Open AccessCrystallization and preliminary X‐ray crystallographic analysis of ligand‐free and arginine‐bound forms of Thermotoga maritima arginine‐binding protein
Author(s) -
Ruggiero Alessia,
Dattelbaum Jonathan D.,
Pennacchio Anna,
Iozzino Luisa,
Staiano Maria,
Luchansky Matthew S.,
Der Bryan S.,
Berisio Rita,
D'Auria Sabato,
Vitagliano Luigi
Publication year - 2011
Publication title -
acta crystallographica section f
Language(s) - English
Resource type - Journals
ISSN - 1744-3091
DOI - 10.1107/s1744309111037341
Subject(s) - thermotoga maritima , arginine , crystallization , crystallography , chemistry , ligand (biochemistry) , biochemistry , stereochemistry , amino acid , escherichia coli , organic chemistry , receptor , gene
The arginine‐binding protein from Thermotoga maritima (TmArgBP) is an arginine‐binding component of the ATP‐binding cassette (ABC) transport system in this hyperthermophilic bacterium. This protein is endowed with an extraordinary stability towards thermal and chemical denaturation. Its structural characterization may provide useful insights for the clarification of structure–stability relationships and for the design of new biosensors. Crystallization trials were set up for both arginine‐bound and ligand‐free forms of TmArgBP and crystals suitable for crystallographic investigations were obtained for both forms.
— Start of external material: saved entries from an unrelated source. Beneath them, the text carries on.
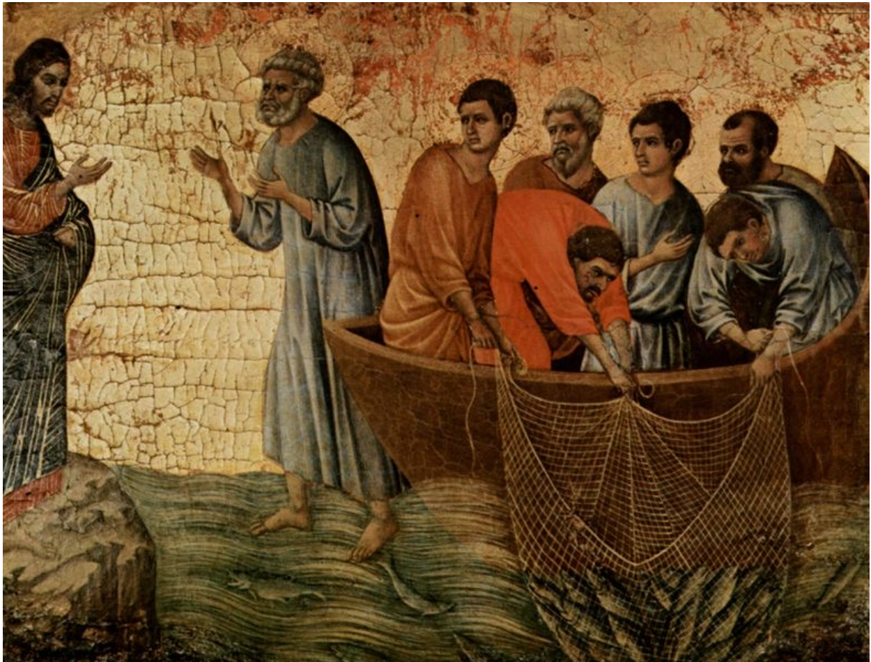
The Call of the Apostles, Fishers of Men

“So Simon Peter went aboard and hauled the net ashore, full of large fish, a hundred fifty-three of them; and though there were so many the net was not torn” (John 21:11).
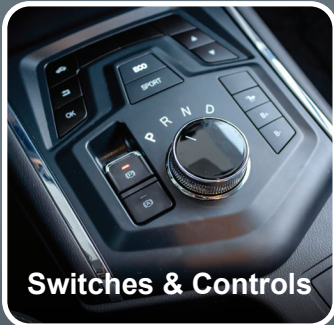
Switches & Controls
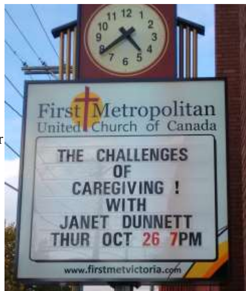
New Sign on Quadra Street
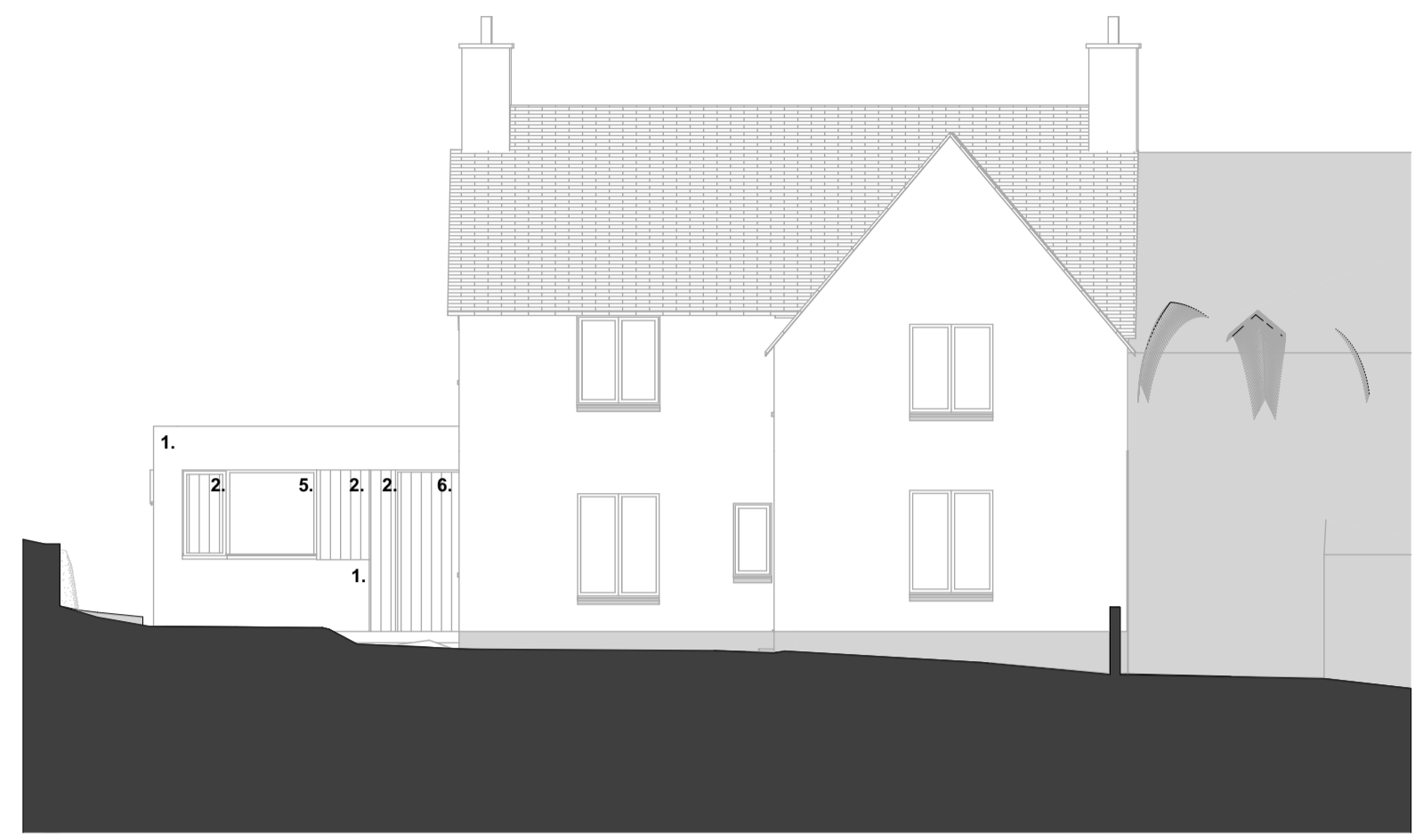
E-01 Proposed South Elevation 1:100
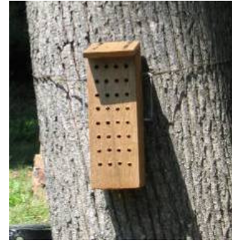
Native bee nesting box.

Unlike European honeybees, the majority of native bees are solitary, nesting in sunny spots on bare ground or in vacant holes in dead trees and old logs. You can provide artificial nesting boxes for the latter by taking a 4" x 4" x 8" block of wood and drilling holes of varying widths (3/32 – 3/8") about 3" deep and 3/4" apart. Alternatively, you can tie together a small bundle of hollow reeds, closed at one end and cut to varying lengths. Hang your bee nest on a tree, wall, or fence facing east or southeast to absorb warmth from the morning sunlight.
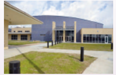
Finally, after five years the new St. Mary's Academy is complete
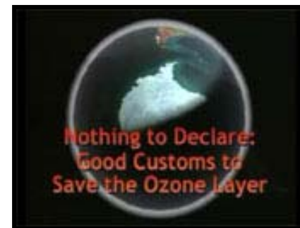
Nothing to Declare
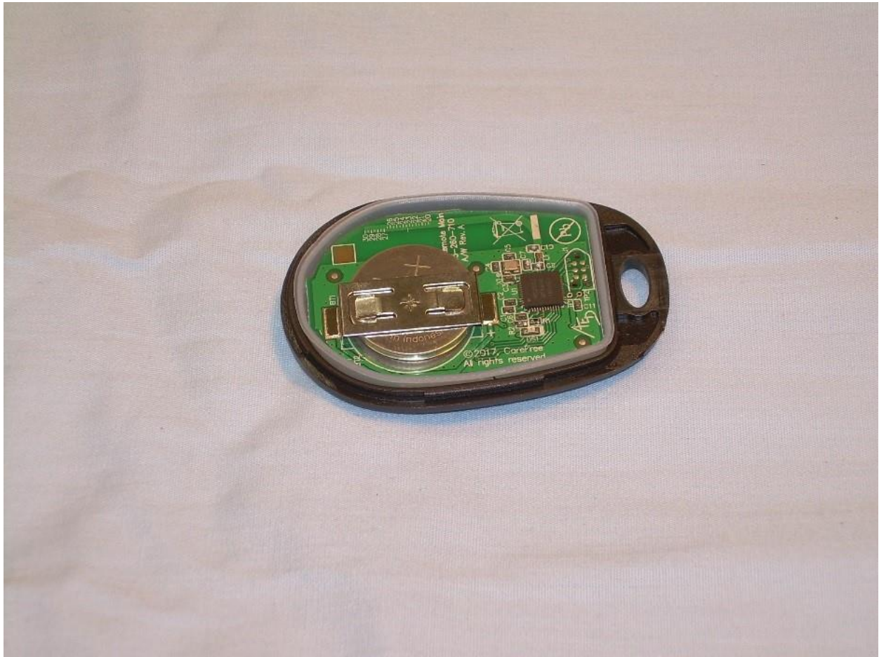
Photograph 1 – View of the PCB in the Housing
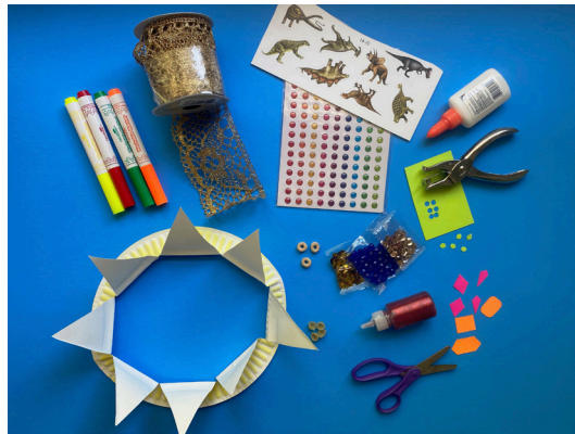
Materials for crown
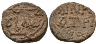
1110 Byzantine lead seal. 22mm, 11,00g
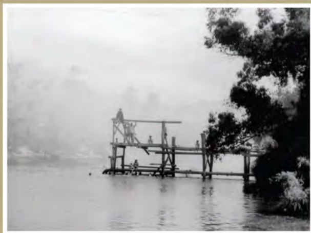
Swimming in Millard's Pool c. 1960
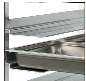
Stepped-Angle Pan Racks

#4339 - 20 sets of angle runners #4340 - 12 sets of angle runners
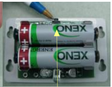
Transmitter Unit Push-Button
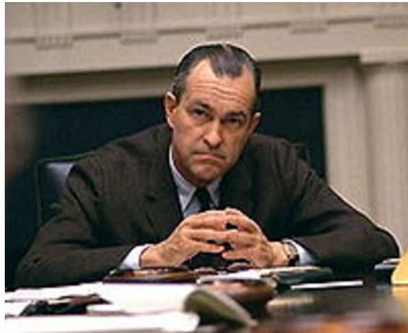
Richard Helms.

The Safari Club was an alliance between national intelligence agencies that wished to compensate for the CIA's retrenchment in the wake of President Carter's election and Senator Church's post-Watergate reforms.
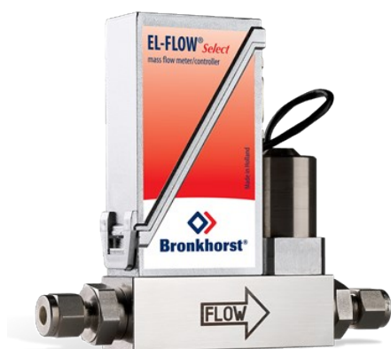
EL-FLOW SELECT F-201CV

Min. flow 0,16...8 mln/min Max. flow 0,5...25 lln/min Pressure rating 64 bar Compact design High accuracy and repeatability
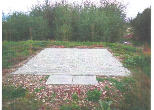
Latitude: N 47°48.645' (47°48'38.7"), Longitude: E 25°58.314' (25°58'18.9"), Altitude (Barometer): 188.00m
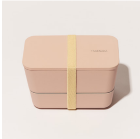
Matte Candy Pink ▶ 2023 NEW 12-1805-67
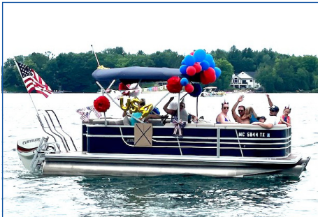
USA MC5844TI Patriotic Balloons
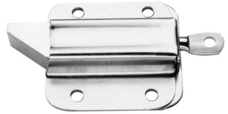
GD10-G01455 (LH, with plain bolt-pull. Bolt adjusted to 17 mm, minimum projection)
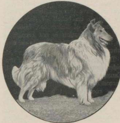
SIR BOB OF CLUNY

On Thursday, January 30th, Toronto Humane Society's Hall was the meeting place of many animal lovers who had come together to take part in the decorating of the Collie, "Sir Bob of Cluny" (103587), by the Toronto Humane Society. "Sir Bob," who is a son of "Ch. Captain Lukeo," out of a "Ch. Eden Emerald bitch" earned the attention of the Society because of two outstanding items of life saving. Toronto newspapers made it appear that "Sir Bob" had saved the lives of two different individuals, but our recollection leads us to believe that the dog helped to save the same man's life on two different occasions and the particulars are as follows:

Ordered crystals of the arginine adduct of TmArgBP could only be obtained by using the detergent LDAO as an additive to the crystallization medium. These crystals were hexagonal, with unit‐cell parameters a = 78.2, c = 434.7 Å, and diffracted to 2.7 Å resolution. The crystals of the ligand‐free form were orthorhombic, with unit‐cell parameters a = 51.8, b = 91.9, c = 117.9 Å, and diffracted to 2.25 Å resolution.